Mapping plays a central role in treaty interpretation and implementation. Treaty maps show the territories covered by specific treaties, the boundaries of reserves or treaty settlement lands, and the areas where treaty rights to hunt, fish, trap, and gather remain in effect. These maps are often contested. Colonial governments have historically interpreted treaties narrowly, minimizing Indigenous territories and rights. Indigenous nations have used mapping to demonstrate the full extent of their treaty territories and to assert rights that governments have attempted to extinguish.

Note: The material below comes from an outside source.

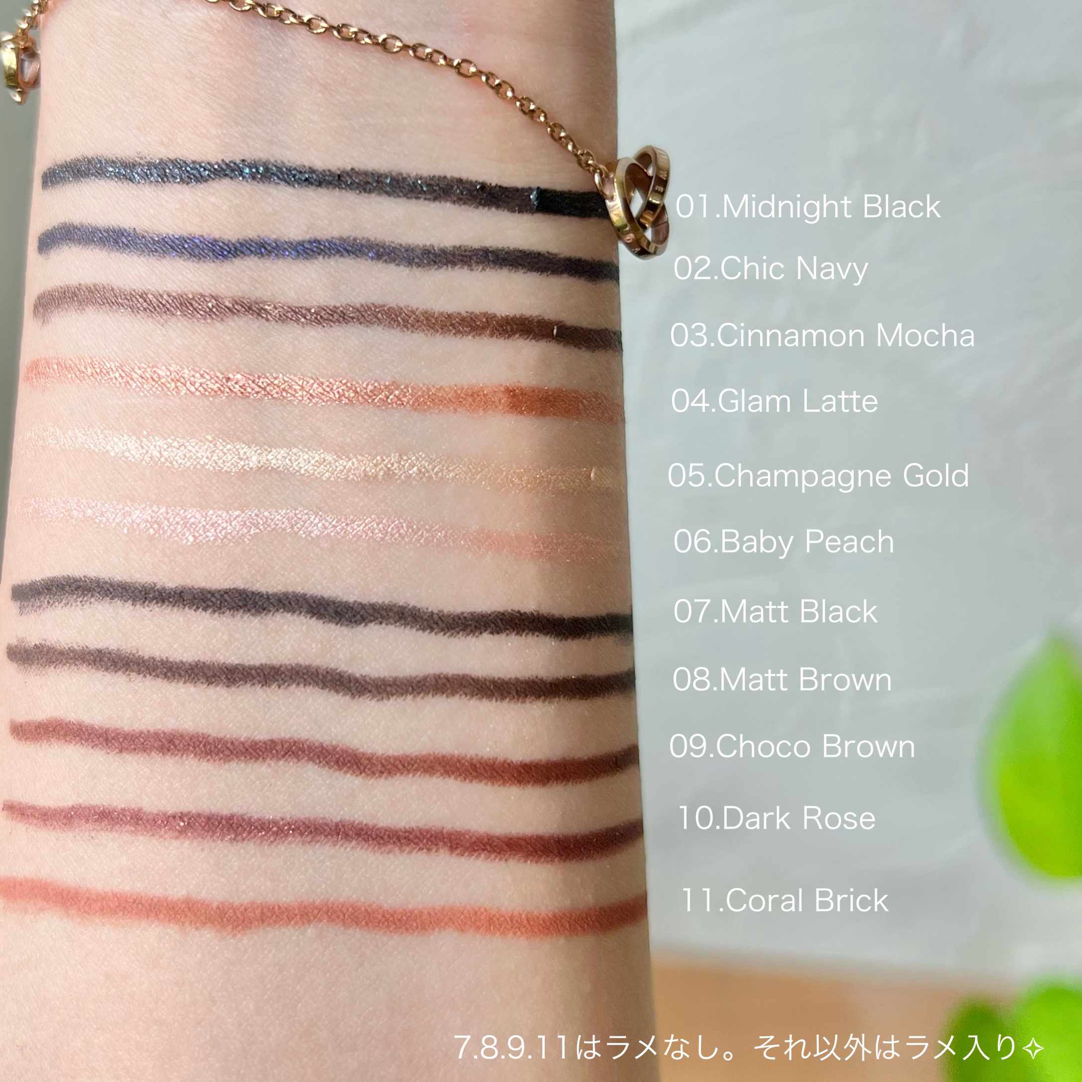 - <01 MIDNIGHT BLACK> トリメチルシロキシケイ酸、シクロペンタシロキサン、酸化鉄、ホウケイ酸(Ca/チタン),イソドデカン、ポリエチレン、合成ワックス、セレシン,トリイソステアリン酸ポリグリセリル-2、酸化チタン、ポリイソブテン、酸化スズ <02 CHIC NAVY> トリメチルシロキシケイ酸、シクロペンタシロキサン、酸化鉄、イソドデカン,ポリエチレン、酸化チタン、マイカ、合成ワックス,ホウケイ酸(Ca/Na)、セレシン、シリカ,トリイソステアリン酸ポリグリセリル-2、ポリイソブテン、コンジョウ <03 CINNAMON MOCHA> トリメチルシロキシケイ酸、シクロペンタシロキサン、イソドデカン、マイカ,酸化鉄、ポリエチレン、合成ワックス、酸化チタン、セレシン、ホウケイ酸(Ca/チタン),ホウケイ酸(Ca/Al)、トリイソステアリン酸ポリグリセリル-2、ポリイソブテン、シリカ、酸化スズ <04 GLAM LATTE> トリメチルシロキシケイ酸、シクロペンタシロキサン、マイカ、イソドデカン,ポリエチレン、酸化鉄、合成フルオロフロゴパイト、合成ワックス,ホウケイ酸(Ca/Al)、酸化チタン、セレシン,トリイソステアリン酸ポリグリセリル-2、シリカ、ポリイソブテン、酸化スズ <05 CHAMPAGNE GOLD> トリメチルシロキシケイ酸、シクロペンタシロキサン、マイカ、酸化チタン,イソドデカン、ポリエチレン、合成フルオロフロゴパイト、合成ワックス,セレシン、トリイソステアリン酸ポリグリセリル-2、酸化鉄、ポリイソブテン、カルミン <06 BABY PEACH> トリメチルシロキシケイ酸、シクロペンタシロキサン、マイカ、酸化チタン,イソドデカン、ポリエチレン、合成フルオロフロゴパイト、合成ワックス,セレシン、トリイソステアリン酸ポリグリセリル-2、酸化鉄、ポリイソブテン、カルミン <07 MATTE BLACK> 酸化鉄 (CI 77499)、トリメチルシロキシケイ酸、シクロペンタシロキサン、イソドデカン、ポリエチレン、合成ワックス、セレシン、マイカ (CI 77019)、キャンデリラロウ、シクロペンタシロキサン(アクリレーツ/メタクリル酸ポリトリメチルシロキシ)コポリマー、ポリイソブテン、ポリヒドロキシステアリン酸、レシチン、パルミチン酸エチルヘキシル、イソステアリン酸、ミリスチン酸イソプロピル、酢酸トコフェロール、カプリリルグリコール、ジメチコン、ポリリシノレイン酸ポリグリセリル-3 <08 MATTE BROWN> トリメチルシロキシケイ酸、シクロペンタシロキサン、酸化鉄 (CI 77499)、イソドデカン、ポリエチレン、酸化鉄 (CI 77491)、合成ワックス、酸化鉄 (CI 77492)、セレシン、マイカ (CI 77019)、キャンデリラロウ、シクロペンタシロキサン(アクリレーツ/メタクリル酸ポリトリメチルシロキシ)コポリマー、 ポリイソブテン、ポリヒドロキシステアリン酸、レシチン、パルミチン酸エチルヘキシル、イソステアリン酸、ミリスチン酸イソプロピル、酢酸トコフェロール、カプリリルグリコール、ジメチコン、ポリリシノレイン酸ポリグリセリル-3 <09 CHOCO BROWN> トリメチルシロキシケイ酸、シクロペンタシロキサン、酸化鉄 (CI 77491)、イソドデカン、マイカ (CI 77019)、ポリエチレン、酸化鉄 (CI 77499)、酸化鉄 (CI 77492)、合成ワックス、セレシン、酸化チタン (CI 77891)、キャンデリラロウ、合成フルオロフロゴパイト、ポリイソブテン、赤202 (CI 15850:1)、ポリヒドロキシステアリン酸、レシチン、パルミチン酸エチルヘキシル、イソステアリン酸、ミリスチン酸イソプロピル、ジメチコン、酢酸トコフェロール、カプリリルグリコール、ポリリシノレイン酸ポリグリセリル-3 <10 DARK ROSE> トリメチルシロキシケイ酸、シクロペンタシロキサン、イソドデカン、酸化鉄 (CI 77491)、マイカ (CI 77019)、ポリエチレン、ホウケイ酸(Ca/チタン)、合成ワックス、酸化鉄 (CI 77499)、酸化チタン (CI 77891)、セレシン、酸化鉄 (CI 77492)、キャンデリラロウ、赤202 (CI 15850:1)、酸化スズ (CI 77861)、ポリイソブテン、シクロペンタシロキサン(アクリレーツ/メタクリル酸ポリトリメチルシロキシ)コポリマー、ポリヒドロキシステアリン酸、レシチン、パルミチン酸エチルヘキシル、イソステアリン酸、ミリスチン酸イソプロピル、酢酸トコフェロール、カプリリルグリコール、ポリリシノレイン酸ポリグリセリル-3 <11 CORAL BRICK> トリメチルシロキシケイ酸、シクロペンタシロキサン、マイカ(CI 77019)、合成ワックス、メチルトリメチコン、合成フルオロフロゴパイト、酸化鉄(CI 77491)、セレシン、酸化チタン(CI 77891)、ホウケイ酸(Ca/Al)、キャンデリラロウ、ポリイソブテン、ポリヒドロキシステアリン酸、ジメチコン、レシチン、パルミチン酸エチルヘキシル、イソステアリン酸、ミリスチン酸イソプロピル、カプリル酸グリセリル、カプリリルグリコール、ポリリシノレイン酸ポリグリセリル-3、酸化スズ(CI 77861)

One of the most significant challenges is that many treaty negotiations occurred without shared understanding of the maps being used. Oral promises made during treaty negotiations were not always reflected in the written text or the maps. Indigenous signatories, many of whom could not read or write English or French, relied on interpreters and oral assurances. When the written treaty differed from the oral promises, colonial governments enforced the written version. Mapping has become a tool for correcting this injustice — by documenting oral histories, traditional territories, and the intent behind treaty agreements.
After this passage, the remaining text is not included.